By adding to the rich set of terms already available in the Darwin Core (DwC) standard, this action by Biodiversity Information Standards—also known as TDWG—will help GBIF-mediated data move beyond “presence only” data and support the discovery and application of richer, more quantitative information used in other areas of scientific discovery and research, particularly ecological monitoring and assessment.

Sample-based data come from thousands of different kinds of environmental, ecological, and natural resource investigations. These events range from one-off surveys to ongoing monitoring and include activities like freshwater and marine sampling, plant cover and vegetation plots, and citizen science bird counts, among others.

In addition to bringing in new datasets, these changes could also improve the quality and utility of many datasets already published through GBIF, which derive from the more complex sources required to understand how species populations change across space and time.

“The Darwin Core extension for sample data is a major advancement for the global biodiversity community,” said Henrique Pereira, chair of GEO BON. “Monitoring biodiversity change often requires repeated measures at the same place. This extension will enable data holders publishing through the GBIF network to share population abundance data (including time series population data) or presence/absence data, and also to document the sampling protocol.”

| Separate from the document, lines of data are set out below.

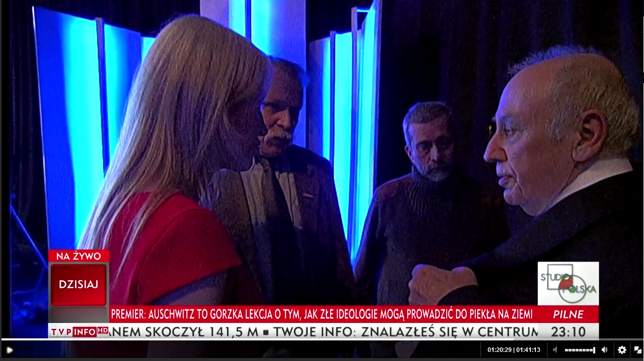 W sobotę (27.01.2017) w TVP Info w programie Studio Polska odbyła się dyskusja na temat ostatnich ataków Izraela na Polskę. Pierwsze komentarze udowadniające "pomyłkę" czy "niezrozumienie" zostały przerwane telefoniczną relacją p. Elżbiety Rybarskiej. Na filmie od 0:59:00, druga osoba w 1:10:00. Pani Elżbieta jest prezesem Stowarzyszenia rodzin polskich ofiar obozów koncentracyjnych.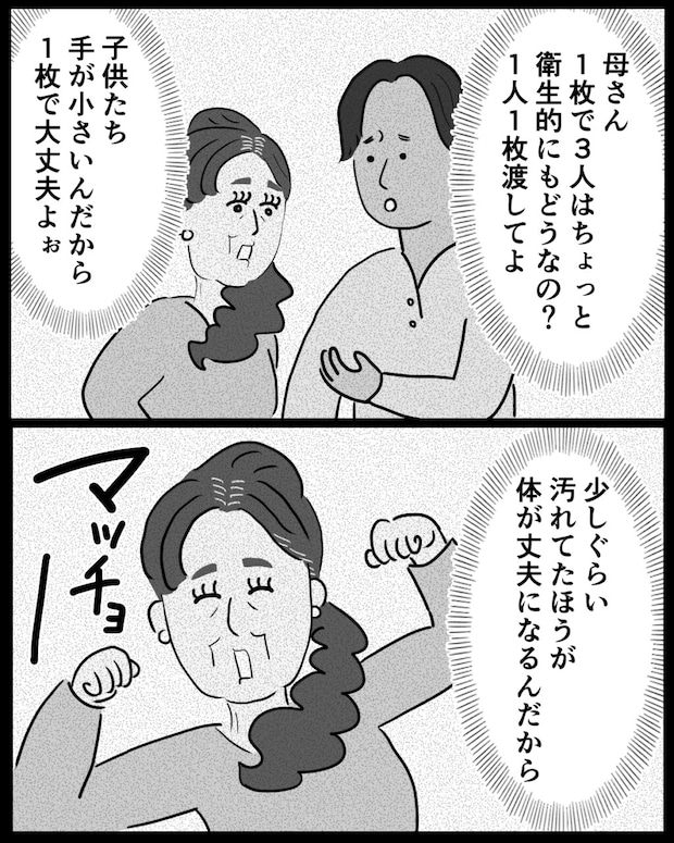 「母さん、1枚で3人はちょっと衛生的にもどうなの?1人1枚渡してよ」紘一さんの言葉に、「子どもたち手が小さいんだから1枚で大丈夫よぉ。少しぐらい汚れてたほうが体が丈夫になるんだから」とマッチョポーズで答える義母。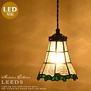 ペンダントライト 1灯 ステンドグラス 照明 LED対応 ダイニング 玄関 階段 廊下 パントリー トイレ サニタリー カフェ アンティーク レトロ ナチュラル クラシック ブルーグリーン リーフ ハンドメイド ガラスシェード LEEDS リーズ ANDALUCIA アンダルシア (2-2
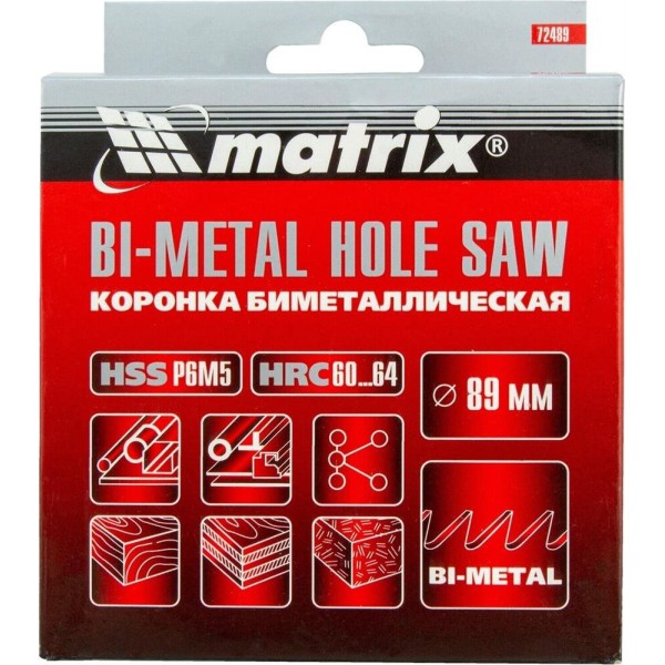 Коронка Matrix BIMETAL 72489 диаметром 89 мм — режущий инструмент, который устанавливается на дрель, перфоратор или стационарный станок. Используется для быстрого сверления черных и цветных металлов, пластика и других материалов. Позволяет получить отверстия большого диаметра при проведении электромонтажных работ и прокладке коммуникаций.ПреимуществаНадежная конструкция — корпус выполнен из углеродистой стали, зубья приварены методом электросварки.Эффективность — рабочая часть из быстрорежущей стали обеспечивает высокую скорость сверления.Совместимость с разными типами патронов — на коронку можно установить хвостовик с шестигранным или SDS PLUS профилем Matrix 72490, 72492, 72494, 72496 (приобретается отдельно).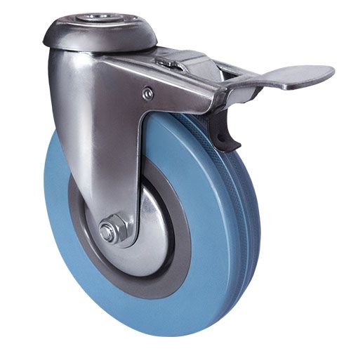 Колесо аппаратное поворотное под болт с тормозом SChgb 55 предназначено для легкого торгового, лабораторного, медицинского, гостиничного, офисного и складского оборудования. Шинка выполнена из термопластичной серой резины. В оси установлен подшипник скольжения. Кронштейн с креплением «под болт» изготовлен из оцинкованной стали. Полипропиленовый обод закрыт стальными кожухами. Не оставляет следов на напольных покрытиях. Отличается хорошими ходовыми качествами, повышенной маневренностью, низким уровнем шума, устойчивостью к внешним химическим воздействиям. Диапазон температур — от -35ºC до +60ºC.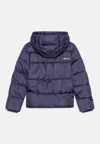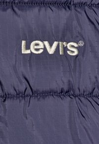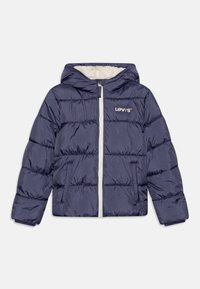 Veste matelassée bleu marine avec capuche, fermeture éclair blanche, deux poches avant et logo "Levi's" sur la poitrine gauche.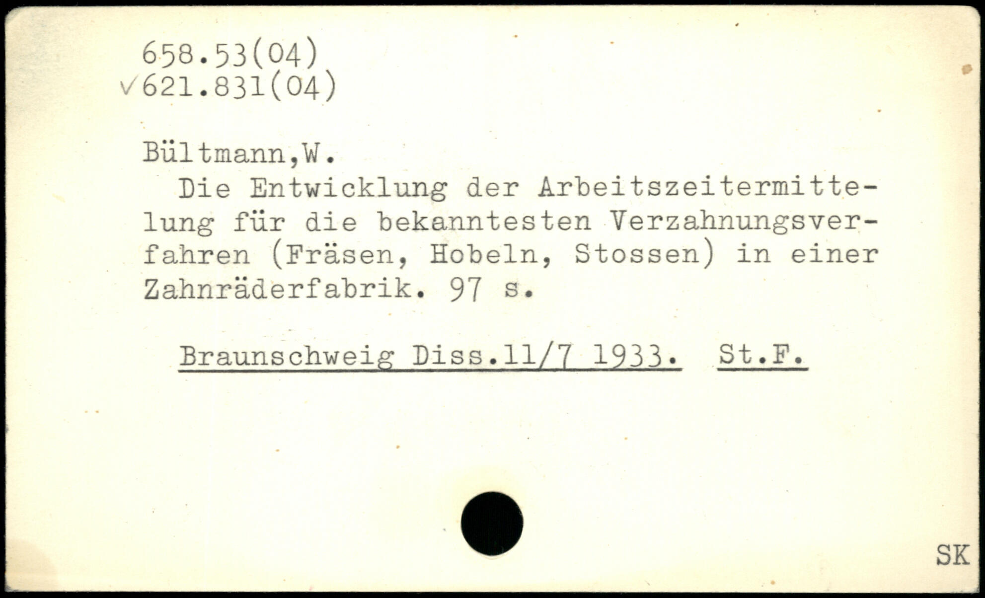 Die Entwicklung der Arbeitszeitermitte-lung für die bekanntesten Yerzahnungsver-fahren (Fräsen, Hobeln, Stossen) in einer Zahnräderfabrik.

Because of their quantitative and calibrated nature and precisely described methods, sample-based data are better at detecting changes and trends in populations than the ‘presence-only’ observation and collection occurrences that make up much of today’s open-access biodiversity data. As a result, sample-based data are critical to understanding the prospect and pace of widespread global change.

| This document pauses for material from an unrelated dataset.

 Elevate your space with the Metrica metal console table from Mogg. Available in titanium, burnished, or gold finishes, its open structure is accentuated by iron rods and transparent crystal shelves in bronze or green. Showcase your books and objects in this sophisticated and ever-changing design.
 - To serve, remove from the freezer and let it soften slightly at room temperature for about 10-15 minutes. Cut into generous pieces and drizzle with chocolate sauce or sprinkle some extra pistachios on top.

The challenge in sharing sample-based data has been that the underlying data is often complex and difficult to encode in a relatively simplified data model. But over the past two years, the GBIF Secretariat has been working with EU BON partners and the wider community to identify additional terms for the Darwin Core vocabulary and enable support of sample-based data in the Integrated Publishing Toolkit (IPT). The aim is to demonstrate a new means of exposing datasets to maximize their discoverability and reuse, rather than prescribing methods for the capture or modeling of data. The newly ratified Darwin Core terms will support mobilization of data for GEO BON’s Essential Biodiversity Variables (EBVs), in particular the ‘species populations’ class. EBVs function as an intermediate layer between ‘raw’ data and the indicators established by governments under the CBD, and may also support assessments carried out for IPBES.

Interested users can learn more about these efforts by reading this primer about Publishing sample-based data with the IPT and by testing a prototype installation of the IPT v2.3 that supports sample-based datasets. Upon completion of testing, GBIF.org will begin supporting basic registration and search of sample-based data sets, with enhanced indexing and discovery of datasets expected during the second half of 2015.